7. The method of claim 6, wherein determining a first target euclidean distance value from the candidate euclidean distance values comprises:

for each candidate Euclidean distance value, calculating the vertical distance between the center point coordinate of the second text content matched with the candidate Euclidean distance value and the center point coordinate of the first text content to obtain a vertical distance value;

judging whether a second target Euclidean distance value exists in the candidate Euclidean distance values according to the vertical distance values matched with the candidate Euclidean distance values, wherein the vertical distance value matched with the second target Euclidean distance value is smaller than a second preset threshold value;

and under the condition that a second target Euclidean distance value exists, determining the candidate Euclidean distance value matched with the second target Euclidean distance value as the first target Euclidean distance value.
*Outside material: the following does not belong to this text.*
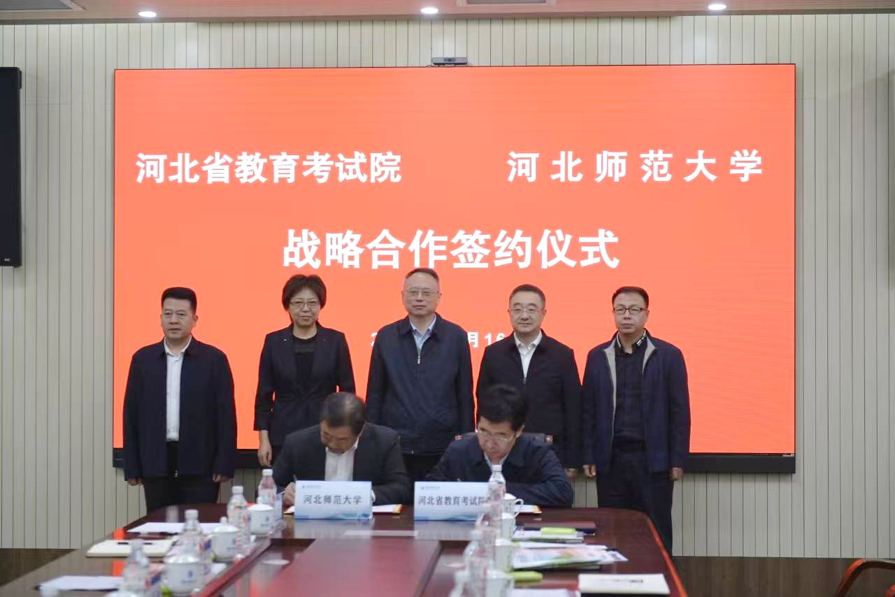 签约暨揭牌仪式由河北师范大学党委常委、副校长付建军主持。河北省教育考试院党委副书记郭立森,河北师范大学党委副书记、校长刘敬泽出席会议,河北省教育考试院、河北师范大学有关部门负责同志参加会议。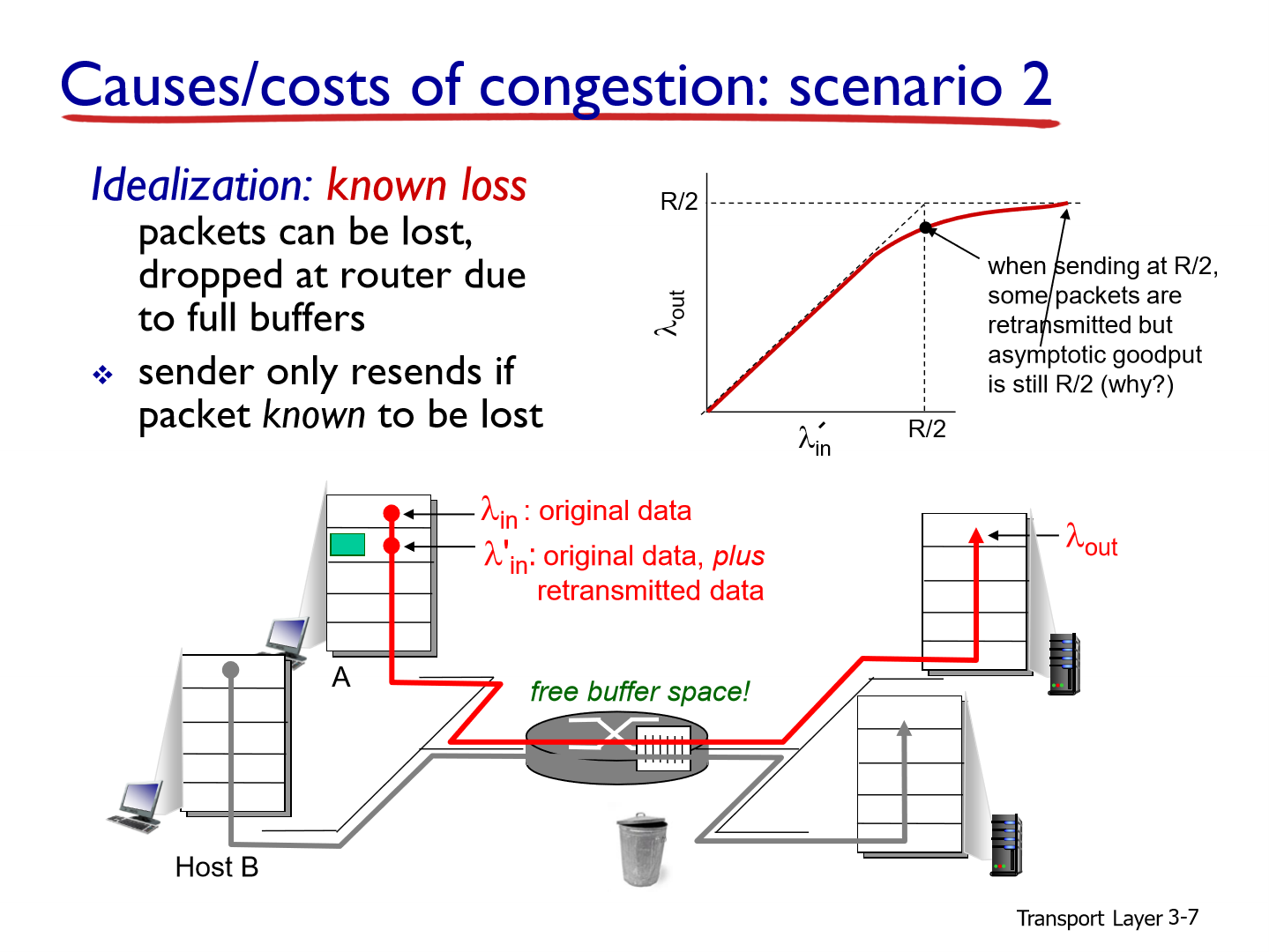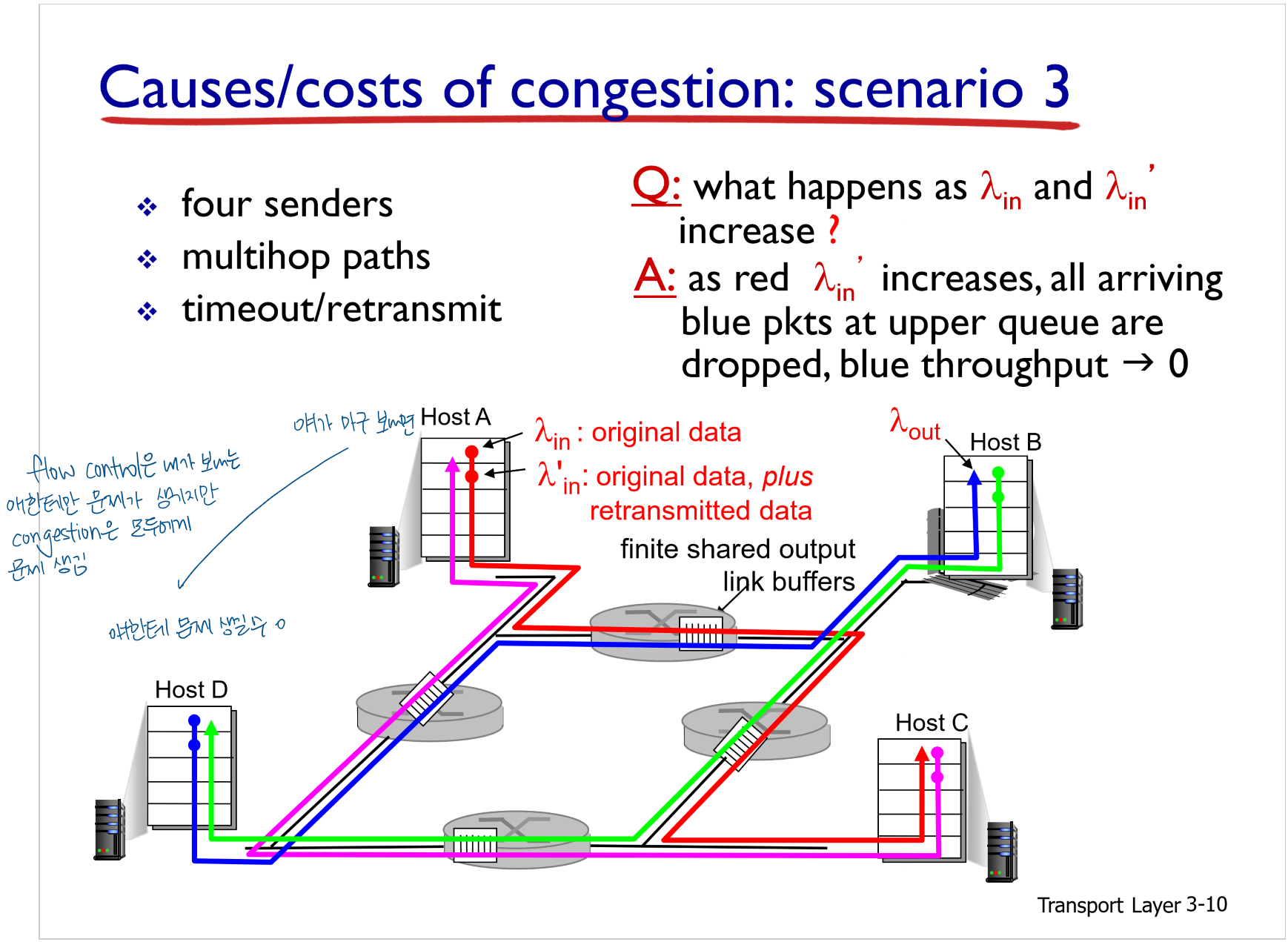 간단히 말하면 이 경우에서는 Tradeoff가 발생할 수 있다. 즉 Host A에서 마구 보내게 되면, A-C 트래픽과 B-D 트래픽은 버퍼 공간을 한 버퍼에서 경쟁해야 하므로 오히려 Host D에서 congestion 문제가 생길 수 있다.

8. A bill identifying device, characterized by comprising:

the system comprises an acquisition module, a printing module and a recognition module, wherein the acquisition module is used for acquiring a bill image to be recognized, and the bill image to be recognized comprises a handwriting text and a printing text;

the identification module is used for carrying out text identification on the handwritten text in the bill image to be identified by utilizing a first identification model to obtain first text information, and carrying out text identification on the printed text in the bill image to be identified by utilizing a second identification model to obtain second text information, wherein the first identification model is obtained by training according to a plurality of sample bill images containing the handwritten text, and the second identification model is obtained by training according to a plurality of sample bill images containing the printed text;

And the determining module is used for determining the text information in the bill image to be identified according to the first text information and the second text information.

9. A computer readable storage medium, characterized in that the computer readable storage medium has stored therein a computer program, wherein the computer program is arranged to execute the ticket identification method as claimed in any one of claims 1 to 7 when run.

10. An electronic device, the electronic device comprising one or more processors; a memory for storing one or more programs that, when executed by the one or more processors, cause the one or more processors to implement a method for running a program, wherein the program is configured to perform the ticket identification method of any of claims 1 to 7 when run.